• _What the task requires_: Every line from the one with "Tang Yun Japanese" through the end of the entries below must be retyped exactly, and only those lines. The pictures are not part of the copy.

[Data excerpts]

┏━━

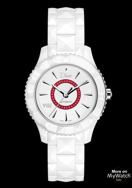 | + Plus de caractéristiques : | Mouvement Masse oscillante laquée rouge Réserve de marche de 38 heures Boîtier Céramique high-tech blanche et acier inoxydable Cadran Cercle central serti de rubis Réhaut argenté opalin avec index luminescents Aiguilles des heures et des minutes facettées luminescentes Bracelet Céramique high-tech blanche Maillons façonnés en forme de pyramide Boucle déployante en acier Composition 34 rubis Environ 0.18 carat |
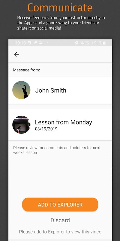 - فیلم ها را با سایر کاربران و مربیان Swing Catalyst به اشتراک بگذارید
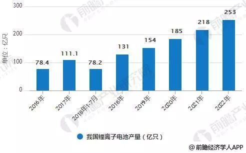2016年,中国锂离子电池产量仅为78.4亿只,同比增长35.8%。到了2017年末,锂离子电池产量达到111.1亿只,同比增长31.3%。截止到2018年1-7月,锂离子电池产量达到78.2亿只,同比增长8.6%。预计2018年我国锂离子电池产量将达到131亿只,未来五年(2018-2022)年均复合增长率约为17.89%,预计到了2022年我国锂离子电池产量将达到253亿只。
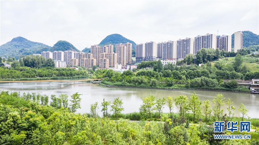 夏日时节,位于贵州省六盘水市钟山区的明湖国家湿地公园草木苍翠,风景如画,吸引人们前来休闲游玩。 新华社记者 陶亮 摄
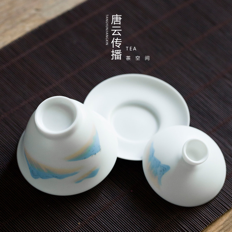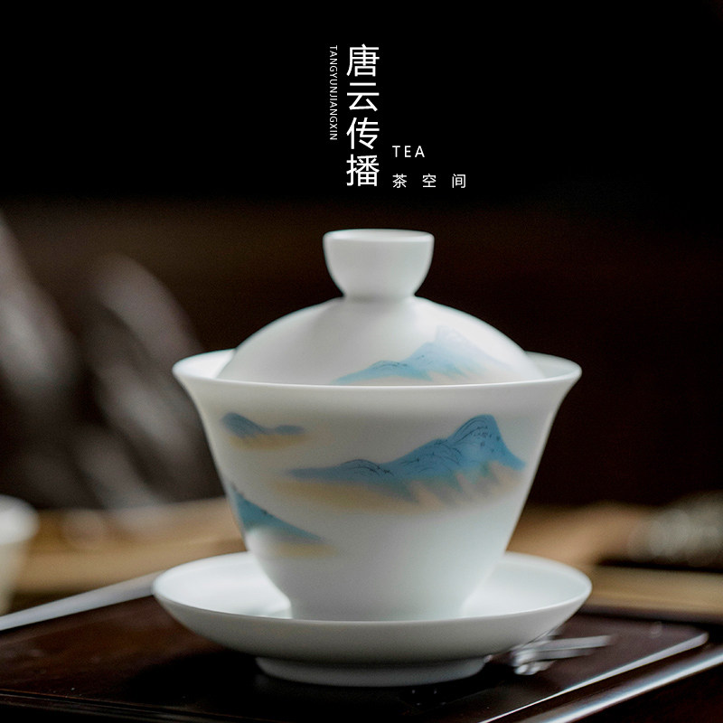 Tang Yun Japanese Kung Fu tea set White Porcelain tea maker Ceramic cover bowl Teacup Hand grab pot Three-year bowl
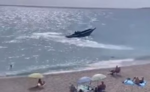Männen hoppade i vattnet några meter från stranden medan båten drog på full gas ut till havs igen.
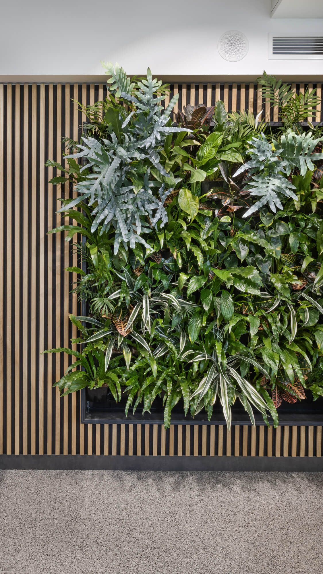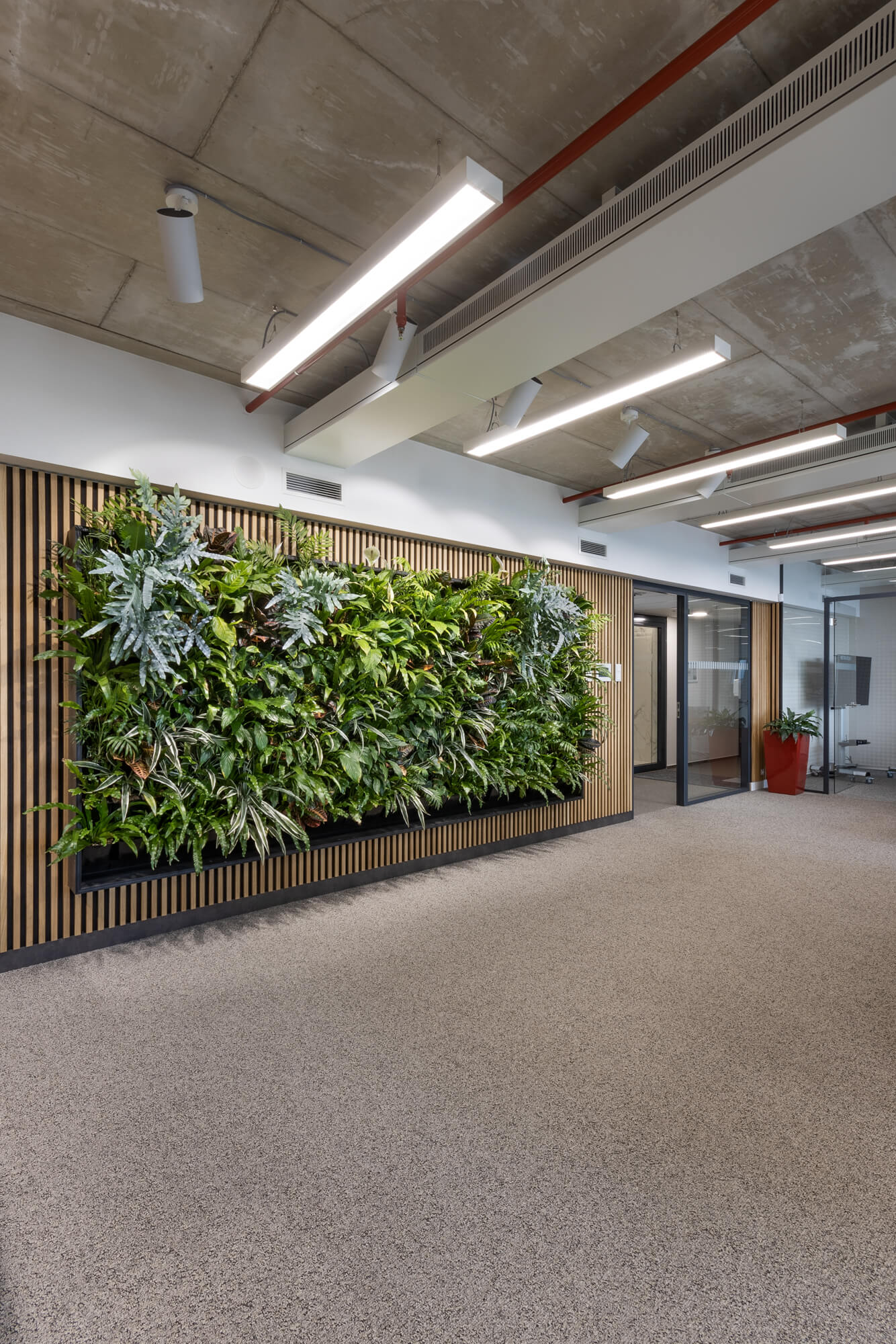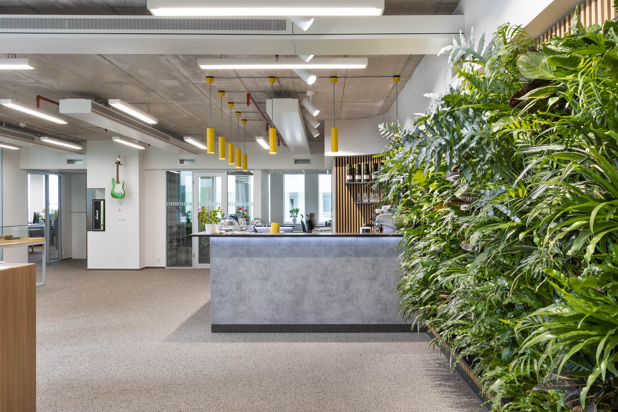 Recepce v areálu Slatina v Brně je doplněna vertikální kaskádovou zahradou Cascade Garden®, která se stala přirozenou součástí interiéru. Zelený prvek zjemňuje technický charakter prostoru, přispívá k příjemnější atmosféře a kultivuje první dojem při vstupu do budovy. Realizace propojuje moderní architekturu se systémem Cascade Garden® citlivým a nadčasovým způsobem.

┗━━

• _Exercise answer_:
 Tang Yun Japanese Kung Fu tea set White Porcelain tea maker Ceramic cover bowl Teacup Hand grab pot Three-year bowl
Männen hoppade i vattnet några meter från stranden medan båten drog på full gas ut till havs igen.
 Recepce v areálu Slatina v Brně je doplněna vertikální kaskádovou zahradou Cascade Garden®, která se stala přirozenou součástí interiéru. Zelený prvek zjemňuje technický charakter prostoru, přispívá k příjemnější atmosféře a kultivuje první dojem při vstupu do budovy. Realizace propojuje moderní architekturu se systémem Cascade Garden® citlivým a nadčasovým způsobem.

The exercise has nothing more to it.